Nothing but the lines from the top of the data to the line holding "建面约76㎡ 三房两卫:独立玄关入户,LDKG一体化设计,动静分离,南北通透。" should be printed, word for word and both ends included; leave the pictures out.
DATA FOR THIS TASK START
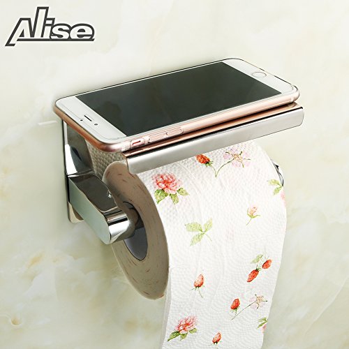 Alise GG5200 SUS304 Stainless Steel Toilet Paper Holder Tissue Roll Holder with Mobile Phone Storage Shelf,Polished Chrome Finish
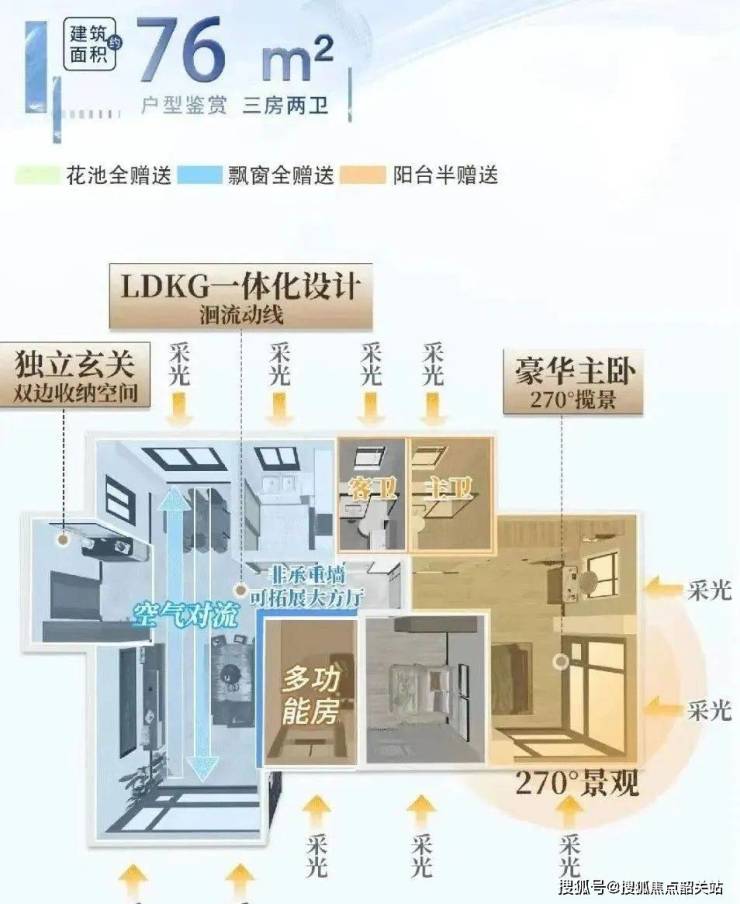 建面约76㎡ 三房两卫:独立玄关入户,LDKG一体化设计,动静分离,南北通透。
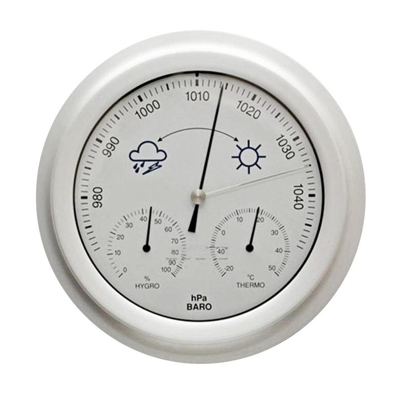 Настенная метеостанция Moller 203990 Aluminium состоит из барометра с большим циферблатом, гигрометра и термометра, объединенных в алюминиевом корпусе. Каждый из приборов имеет свою шкалу на общем большом циферблате. Шлифованный алюминиевый корпус придает метеостанции презентабельный внешний вид. Качество и надежность продукции Moller подкреплены пятилетней гарантией. Функции: Прогноз погоды: - Прогноз погоды на 8-12 часов (циферблат отображает погоду, которая прогнозируемо установится через 8-12 часов) - Символьный прогноз погоды. На циферблате нанесены три символа (ясно, переменная облачность, дождь) - Прогноз погоды определяется по направлению движения стрелки барометра относительно маркерной стрелки Атмосферное давление: - Единицы измерения: гПа (Гектопаскали). - Диапазон измерения атмосферного давления : от 973 гПа до 1053 гПа - Разрешение измерения: 1 гПа - Точность измерения: +/- 5 гПа - Отображение тенденции атмосферного давления (Отклонение стрелки влево от маркера - давление падает / Отклонение стрелки вправо от маркера - давление растет) - Возможность калибровки Температура в помещении: - Единицы измерения: ºС - Диапазон измерения: от -25°C до +65°C - Разрешение измерения: 1°C - Точность измерения: +/- 2C° Влажность в помещении: - Единицы измерения: % RH - Диапазон измерения: от 0% до 100% - Разрешение измерения: 1% - Точность измерения: +/-6% Характеристики и комплектация: Циферблат: - Размер циферблата: 160x160 мм; - Цвет циферблата: белый; - Цвет оправы циферблата: под серебо; Особенности конструкции: - Материал корпуса: алюминий - Установка: на стене - Цвет корпуса: Aluminium (серебристый) Комплектация: - Метеостанция - Ключ для калибровки - Дюбель для крепления на стену - Инструкция на украинском языке Размеры и вес: - Размеры метеостанции без упаковки, мм: 227х227х50 - Размеры в упаковке, мм: 235х235х75 - Вес метеостанции без упаковки, кг: 0.375 - Вес в упаковке, кг: 0.500 Срок гарантии: 5 лет Производитель: Moller (Germany)
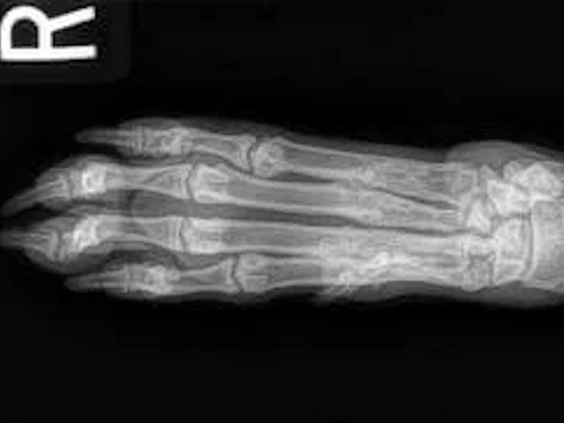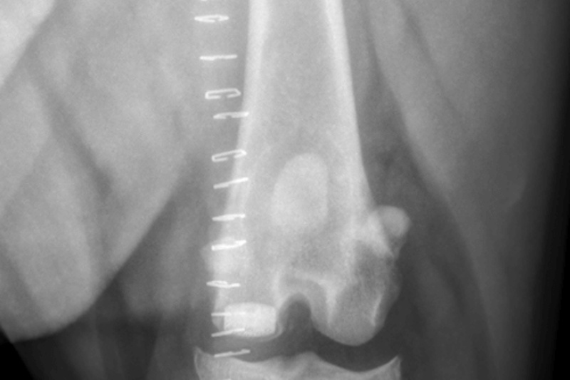 Orthogonal radiographs of both stifles are obtained and assessed. In the majority of cases, an effusion is visible within the stifle that demonstrates inflammation and pathology of the joint. The joint is assessed for other diseases such as osteochondritis dissecans (OCD), or neoplasia (cancer). Chronic cruciate injuries or those with concurrent meniscal damage tend to have an increased amount of degenerate changes visible on the radiographs.
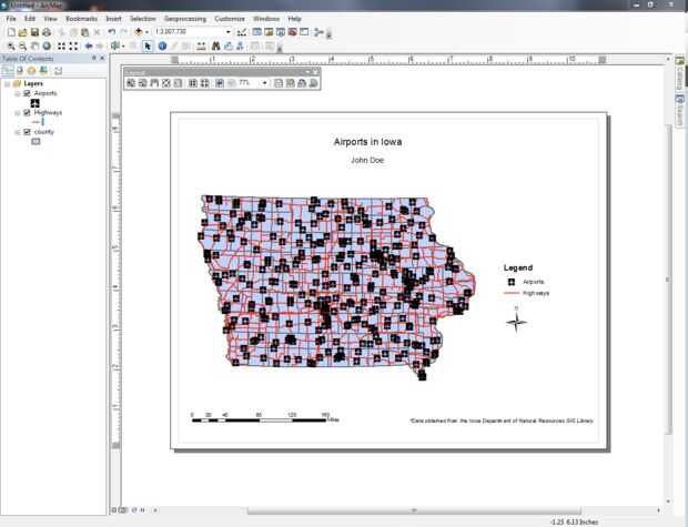 Ahora que han cambiado el mapa para una vista de diseño y han puesto el mapa en la orientación correcta ahora es tiempo de agregar información al mapa como un título, leyenda, la flecha del norte, escala y fuente de datos. Todos ellos pueden encontrarse haciendo clic en insertar en la barra de herramientas superior.
DATA FOR THIS TASK END
**TASK SOLUTION:**
 Alise GG5200 SUS304 Stainless Steel Toilet Paper Holder Tissue Roll Holder with Mobile Phone Storage Shelf,Polished Chrome Finish
 建面约76㎡ 三房两卫:独立玄关入户,LDKG一体化设计,动静分离,南北通透。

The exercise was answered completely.